Quote all of the data that follows exactly as written, skipping the images.

[Records from a dataset]

▽

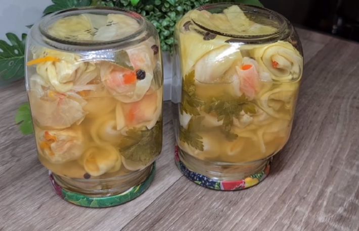 - aseaza rulourile in borcanele, alternand fiecare strat cu cate un fir de patrunjel proaspat.
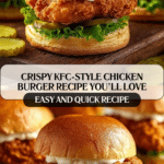 This KFC-Style Original Crispy Chicken Burger recipe delivers juicy, tender chicken thighs marinated in buttermilk and hot sauce, coated in a seasoned flour dredge, and shallow-fried to crispy perfection. Served on lightly toasted brioche buns with mayonnaise, dill pickles, and shredded iceberg lettuce, this burger replicates the iconic flavors and crunch of a classic fried chicken sandwich in your own kitchen.
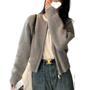 韩系圆领拉链毛衣外套女温柔宽松短款小个子针织开衫上衣
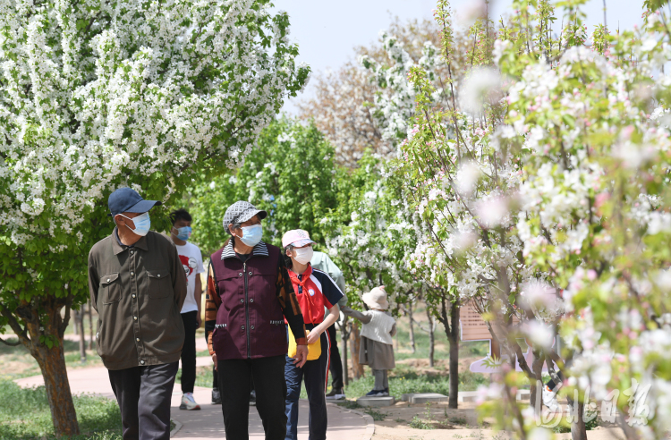 2022年4月24日,游客在河北省张家口市怀来县小南辛堡镇大古城村印象海棠公园赏花观景。通讯员 梁涛摄影报道
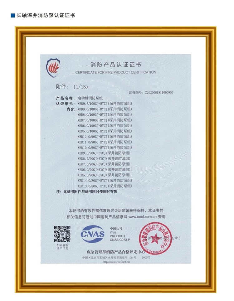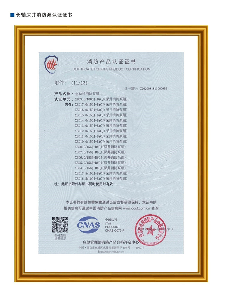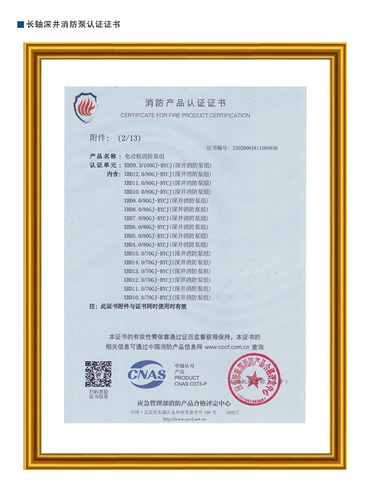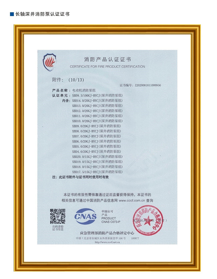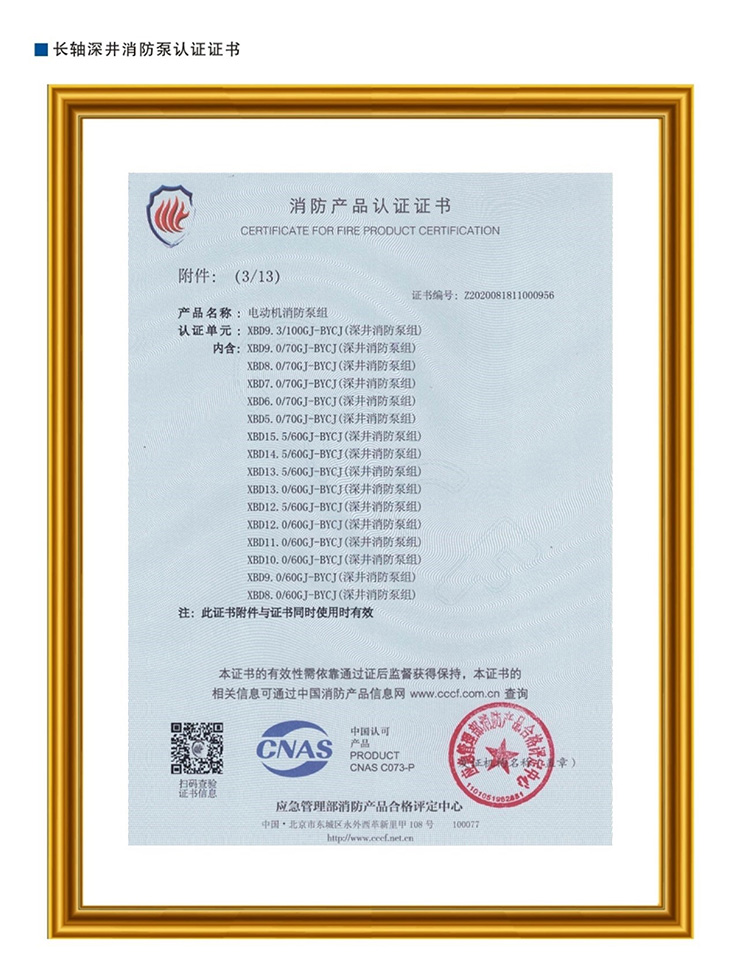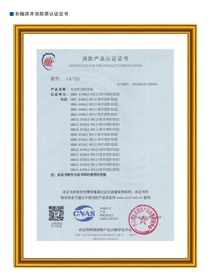 长轴深井消防泵认证证书

△

:: Answer section ::
 - aseaza rulourile in borcanele, alternand fiecare strat cu cate un fir de patrunjel proaspat.
 This KFC-Style Original Crispy Chicken Burger recipe delivers juicy, tender chicken thighs marinated in buttermilk and hot sauce, coated in a seasoned flour dredge, and shallow-fried to crispy perfection. Served on lightly toasted brioche buns with mayonnaise, dill pickles, and shredded iceberg lettuce, this burger replicates the iconic flavors and crunch of a classic fried chicken sandwich in your own kitchen.
 韩系圆领拉链毛衣外套女温柔宽松短款小个子针织开衫上衣
 2022年4月24日,游客在河北省张家口市怀来县小南辛堡镇大古城村印象海棠公园赏花观景。通讯员 梁涛摄影报道
 长轴深井消防泵认证证书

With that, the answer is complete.